Abraham Lincoln: 150 Years After His Assassination by John Wilkes Booth


Abraham Lincoln
Abraham Lincoln was assassinated at Ford’s Theatre in Washington, D.C. on Apr. 14, 1865. This week marked the 150th Anniversary of the 16th President of the United States’ untimely death. His assailant, John Wilkes Booth, was a well-known American stage actor and member of the prominent 19th Century Booth family from Maryland, who made their name in the theatre world. By the 1860s, Booth was not only a very successful actor, but he was also a Confederate sympathizer, who was vehement in his denunciation of Lincoln, and strongly opposed the abolition of slavery in the United States.

These staunch beliefs lead Booth to take the actions he did at Ford’s Theatre on that fateful night in April 1865. Actions that would ultimately alter the course of American history and the political landscape of the nation. Interestingly enough, Lincoln was not only the first U.S. President to be assassinated, but he was also the first elected on the Republican ticket in 1860. The United States quickly progressed into the Civil War, which lasted from 1861-1865. On Apr. 9, 1865, Confederate General Robert E. Lee surrendered to General Ulysses S. Grant of the Union Army, who would later become the 18th President of the United States, at Appomattox Court House in Virginia. Thereby, ending the rift between the North and South that had torn the nation asunder and effectively ending the American Civil War. Just five days later, Lincoln would be shot and killed by Booth.

Apr. 14, 2015 marked the 150th Anniversary of Lincoln’s assassination by John Wilkes Booth. One hundred and fifty years after Booth’s actions, the course of American history and political landscape of the nation has been changed forever. Lincoln’s last day on Earth was much like any other day. “Honest Abe,” as Lincoln was nicknamed, and his wife, Mary Todd, had plans to attend a production of Our American Cousin that evening. At Ford’s Theater, Southern sympathizer and white supremacist Booth fired a single shot from a .44-caliber Derringer. The bullet penetrated Honest Abe’s brain and lodged behind his right eye. The most significant casualty of the U.S. Civil War died the next morning and became the first President of the United States to be murdered while in office.
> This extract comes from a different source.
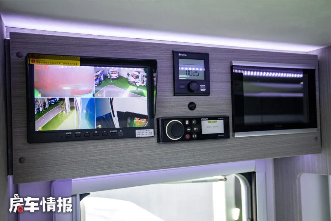 位于车厢中门上方提供了一组车内的控制面板可以便于控制车内的电器,另外这里还提供了全车四路监控,可以在车内实时观看车外的情况,提升驻车安全性。

Lincoln’s assassination was not the original plan devised by Booth and his conspirators. As the American Civil War entered its final stages, he and several associates hatched a botched plot to kidnap the President of the United States. They planned to take him to Richmond, VA, which was the location of the Confederate capital. However, on Mar. 20, 1865, which was the date of the planned abduction, Lincoln failed to arrive at the location where Booth and his fellow conspirators laid in wait for him. Two weeks later, with the Confederate forces and South in shambles, Booth revised his desperate plan to save the Confederacy. Booth’s new plan involved the simultaneous assassination of Lincoln, Vice President Andrew Johnson, and Secretary of State William H. Seward. By murdering the 16th President of the United States and his two closest successors, Booth and his co-conspirators hoped to throw the U.S. government into chaos.

As this week marked the 150th Anniversary of Abraham Lincoln’s assassination, the untimely death of the 16th President of the United States and the actions of his assailant, John Wilkes Booth, irrevocably changed the course of American history and political landscape of the nation. The search for Booth was one of the largest manhunts in American history, with 10,000 detectives, federal troops, and police mobilized to track down those responsible for Lincoln’s death. On April 26, Union troops surrounded the Virginia farmhouse where Booth and his conspirator, David Herold, were hiding out. During the confrontation, Booth was shot and died three days later from his injuries. Meanwhile, four of Booth’s accomplices were convicted and executed by hanging for their part in Lincoln’s assassination in July of 1865. Two of the conspirators whom paid with their own lives were Herold and Mary Surratt, who was the first female ever executed by the U.S. government. Surratt’s boarding house had served as a meeting place for the would-be kidnappers and debate continues to rage on whether it was in fact Surratt’s son, John, who was the true conspirator involved with Booth and in the plot against Lincoln.